由於我目前最常碰到的是使用Oxford Nanopore Technology這間公司所開發的奈米孔定序儀所產生的資料,所以處理步驟也都是參考他們公司所提供的技術白皮書來安排的。跟以往NGS時期那些設備所產生的資料最大的不同就是—Nanopore sequencer一次能夠讀出的序列長度幾乎都在4000~6000bp,而以往NGS的設備所產生的序列長度幾乎只有前者的二十分之一。關於Nanopore reads
的部份,之後有機會再詳細介紹。
# Statistics of read properties
NanoPlot -t 4 --fastq input.fastq --plots hex dot
# Adapter trimming
porechop -t 4 -i input.fastq -o trimmed.fastq
# Quality trimming and too-short-read filtering
NanoFilt -q 9 -l 200 < trimmed.fastq > cleaned.fastq
序列比對這部份,根據目前我看到的文獻,只要是使用Nanopore設備去做細菌16s rRNA基因全長定序(長度約在1200kb上下),那在序列比對的部份就會使用LAST或是BLAST來做alignment。但如果是用LAST
,最後產生的會是一個被稱作MAF
格式的文字檔,我會使用LAST
這個軟體包裡頭的maf-convert
這個工具將結果轉換成BLAST
輸出的格式。另外,我這邊所使用的16S rRNA基因的序列都是從NCBI上下載的。
# Building DB
lastdb -uYASS -R01 microbialdb 16S.fasta
# Alignment
lastal -P 4 -q 1 -b 1 -Q 0 -a 1 -e 45 microbialdb cleaned.fastq > aligned.maf
# Convert maf to BLAST tab-text
maf-convert blasttab aligned.maf > aligned.txt
在比對完之後,由於不同種的細菌之間(特別是分類上相當接近的種類)有些序列是相當保守的,意思就是在它們的共同祖先演化的過程當中即使演化出不同種的細菌,但當中仍有些基因的序列並未發生改變。這種序列保守的特性造成了我們在進行序列比對的時候有一定的麻煩,所以我們會根據一些條件來做結果的篩選,像是序列之間的一致的程度、比對錯誤的數量及比對上的長度等等。這邊我暫時先放上我最早使用R
所寫的script,因為我對julia
的掌握還沒有R
來的熟悉,加上在R
裡頭有相當方便的tidyverse
工具包。
# Load required Pkgs
suppressMessages(library(data.table))
suppressMessages(library(tidyverse))
# Set input locations
id_mapping_file <- "id_mapping.txt"
blastOutputs <- "aligned.txt"
# Import inputs
id_mapping <- fread(id_mapping_file, header = FALSE, sep = "\t", stringsAsFactors = FALSE)
setkey(id_mapping, V1)
blastoutput <- fread(blastOutputs, header = FALSE, sep = "\t", stringsAsFactors = FALSE)

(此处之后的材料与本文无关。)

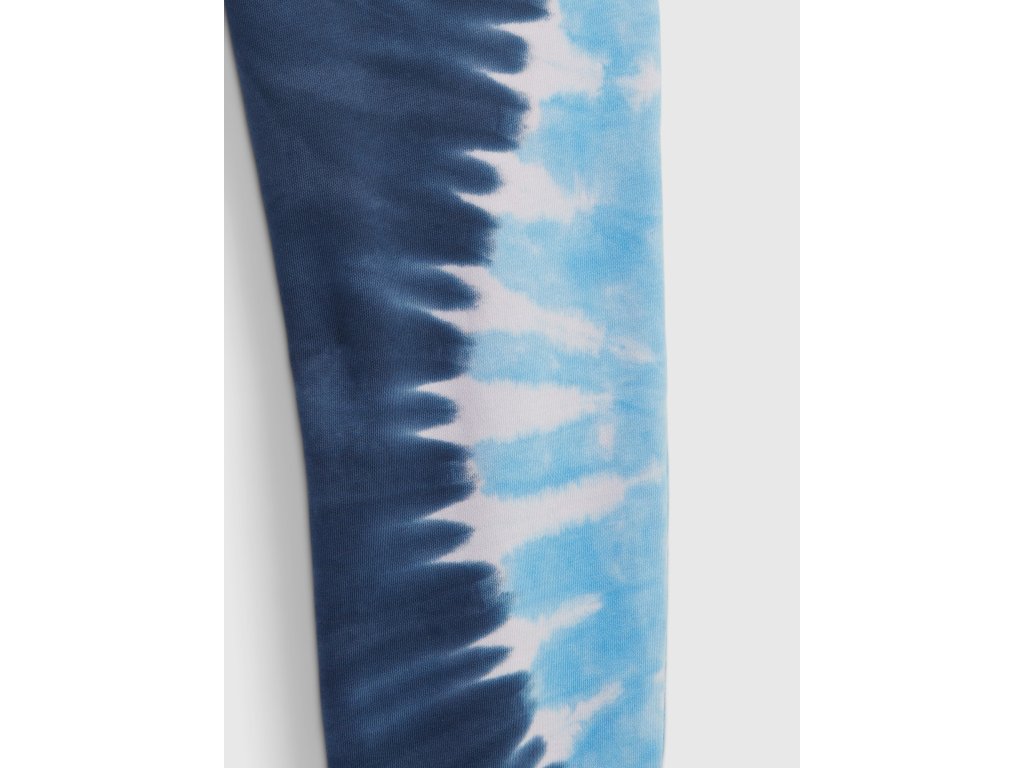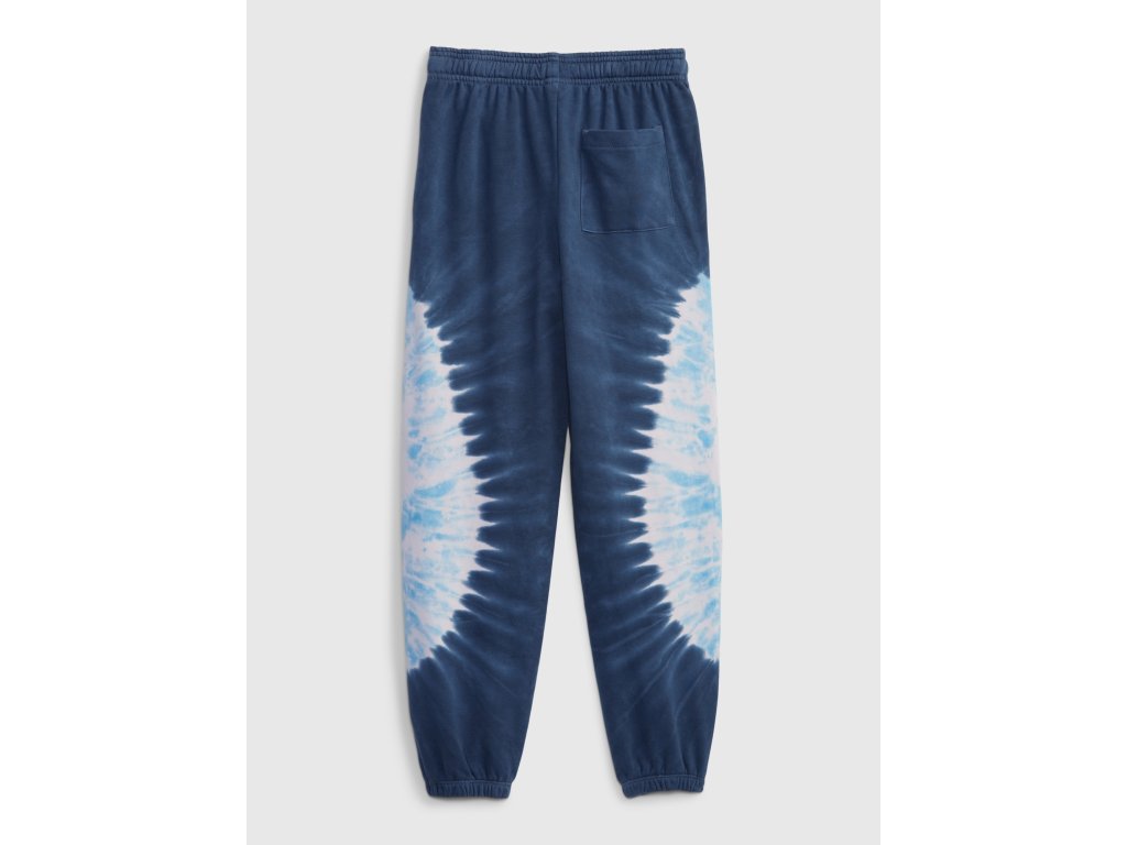Detské tepláky s výraznou batikou. Materiál French Terry. Pružný pás so sťahovacou šnúrkou. Predné šikmé vrecká. 23% recyklovaného polyesteru.Dodatočné parametre

blastoutput_filtered <- blastoutput %>%
dplyr::filter(V3>=90 & V4>=700) %>%
group_by(V1) %>%
dplyr::filter(V3 == max(V3)) %>%
dplyr::filter(V12 == max(V12))
allreadsnum <- length(unique(blastoutput$V1))
readStats <- table(blastoutput_filtered$V2)
refseqIds <- names(readStats)
df <- data.frame(RefseqID = refseqIds,
Lineage = NA,
ReadsNum = NA,
OrgName = NA,
ReadsPerc = NA)
for (i in 1:length(refseqIds)) {
refseqid <- refseqIds[i]
tmp <- id_mapping[.(refseqid)]
lineage <- tmp$V3
orgname <- tmp$V4
readnum <- readStats[refseqid]
perc <- readnum*100/allreadsnum
df$Lineage[i] <- lineage
df$ReadsNum[i] <- readnum
df$ReadsPerc[i] <- perc
df$OrgName[i] <- orgname
}
taxonomy <- paste(df$Lineage, df$OrgName, sep="; ")
output_df <- data.frame(Taxonomy = taxonomy, ReadsNumber = df$ReadsNum)
output_df <- aggregate(output_df$ReadsNumber,
by = list(Taxonomy=output_df$Taxonomy),
FUN = sum)
colnames(output_df)[2] <- "ReadsNumber"
ReadPercentage <- output_df$ReadsNumber*100/allreadsnum
output_df <- cbind(output_df, ReadPercentage)
output_df <- output_df[order(output_df$ReadPercentage, decreasing = TRUE),]
output <- paste0("tax_", sub("\\.\\/Alignment\\/", "", file))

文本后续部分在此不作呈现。